I recently had the opportunity to meet with Dr. Shahzad Cheema, a major data scientist in IBM IOT Industrial Laboratory in Munich. We have interesting discussions around data science and its applications in the real world. Dr. Cheema, the data science course may be the most interesting and least understood field in it. Fortunately, we left the "hype" phase for large data, because we have witnessed adoption and reception in almost all industries. Like the industrial revolution, large data will continue to bring technology revolution in various forms. All "smart" features that appear in the current product are based on analytics and data, which is proof that data science is the main foundation for business and technology innovation.
So, what exactly data science?

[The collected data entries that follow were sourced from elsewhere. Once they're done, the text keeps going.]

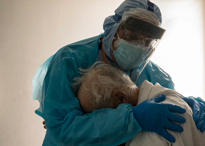 "Estaba llorando": La foto de un médico estadounidense con guantes, tapabocas y visera abrazando a un paciente anciano se volvió viral en las redes sociales, símbolo de la desesperación de las víctimas del covid-19 y la compasión de los trabajadores de la salud. Según AFP.
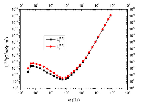 Comparison between normal (black line) and cancerous cells (red line) of displacement conductivity L(1,1)as a function of frequency, see Equation (A17).
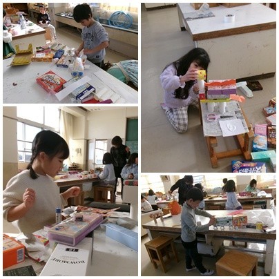 その日が今日やってきました。たくさんの空き箱を目の前に、一生懸命想像していました。さあ、何が完成するかな。
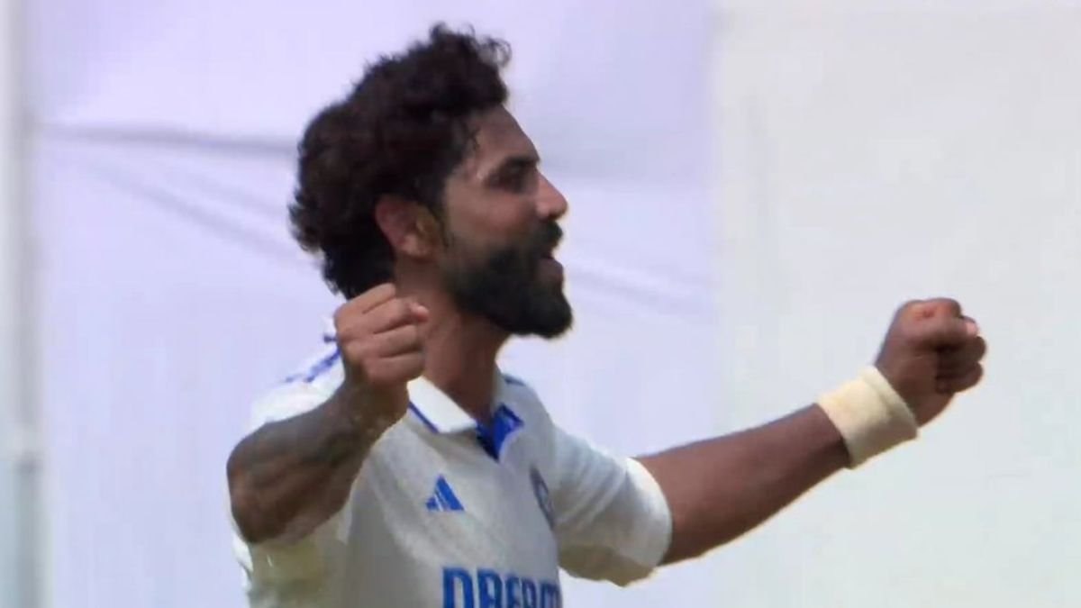 Barely had the cheers settled when Jadeja struck again with a dream delivery to Blundell. This time, the ball drifted in toward leg-stump and spun sharply to hit the off-stump, beating Blundell’s defensive attempt. The delivery left Blundell in disbelief and the Indian fielders jubilant, while a puff of dust rose dramatically from the pitch.
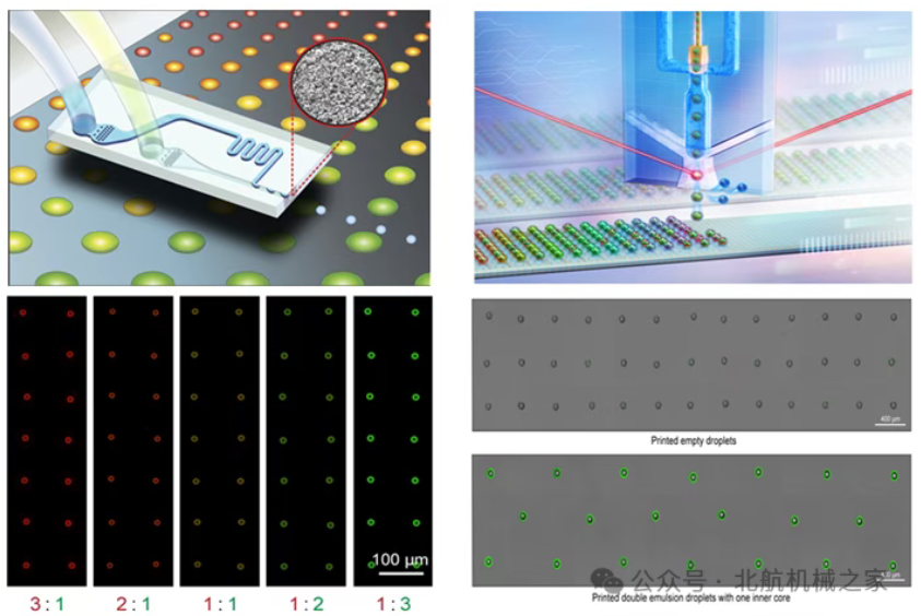 针对传统液滴微流控打印精度低、材料单一等问题,提出以超疏水限域液滴喷射方法,进一步提升了液滴打印精度,实现了目前微流控液滴打印的最高精度3   μm;提出微流控芯片流道浸润图案化工艺,实现微流控打印头内的多级乳液可控生成,通过实时检测与介电泳分选实现了空气中的多材料乳液液滴按需分选打印(图1)。

Data science is the field interdisciplinary. This is a combination of data, science, technology, and business impacts. The business value of the process is very important and usually employs advanced tools and techniques to extract the knowledge and insights that can be followed up from structured or unstructured data to optimize business goals.
Wikipedia defines it as a "field of scientific methods, processes, algorithms, and systems to extract knowledge or insight from data in various forms, both structured or unstructured, such as data mining." While the definition of data science is widely accepted, the implications and implementation of IT in the real world remain a little mystery. To go down to business implications, we need to better understand the main building blocks of science and how they are tied together. In this article, I will summarize our discussion around four main components of data science: data, science, technology, and business.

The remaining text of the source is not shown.